The standard rule for choosing what to include in a commit is this: every commit should represent a single, individually reversible change to the codebase. That is to say, related work, work that builds on top of itself in the same branch, should be part of the same commit.
As an example, in the course of implementing the asynchronous image operations described above, you find a bug in the same file but a different, unrelated method.
This bugfix and the feature work done should appear in two, separate commits, for the simple reason that, we should be able to revert a buggy feature without sacrificing unrelated bugfixes made in the course of building that feature.
The tools we use will largely affect what our commits look like: GitHub now allows for better control over reviewing specific commits. Gerrit allows commits to be grouped into patch-sets, which can be reviewed and reworked as separate entities (which would usually either require a rebase or a new pull request). Other tools only allow reviewing the latest version of a branch as a whole.

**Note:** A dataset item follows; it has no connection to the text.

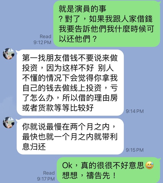 我怎麼發現這是一個騙局? 騙子還讓我繼續投資,說投越多賺得越多。他說借錢投資最終是值得的。 我不喜歡向親人借錢。不過,由於騙子一直催促我追加投資,我還是向女兒開口借錢了。 我女兒起了疑心,因為我從未向她借過錢。經過一番簡短的調查,她發現我成了殺豬盤騙局的受害者。 我女兒和家裡其他人馬上試圖聯絡執法單位。同時,我裝作鎮定自若,繼續與騙子保持聯繫,以免讓他們察覺自己的謊言已被識破。同時執法部門可以利用這種聯繫來進行調查。 在此期間,騙子——或者可能不只一個人——催促我繼續投資,而我則以各種藉口推脫說自己眼下無法投資。

Pushing for clear boundaries between commits, especially in the face of ever-changing requirements, and the fact that in most cases, you’d only ever revert an entire pull request/branch and not the individual commits themselves, may appear to be losing battle.
The easiest way to deal with these issues is at the time of review: if the commits are too big (over a couple hundred lines of code) and do not appear cohesive, reviewing the code is that much harder, and will eventually lead to inferior code quality and/or bugs falling through the cracks.
Various concepts have been presented, some harder to implement than others. If there is one take-away, please allow it to be this: it’s better to be consistent than to be correct, and it’s better to be simple than comprehensive.
Rules that are not orthogonal to one another are harder to implement and follow consistently, so keep that in mind when choosing which battles to fight.
The graphics in this post have been generated using Grawkit, a AWK script which generates
git graphs from command-line descriptions.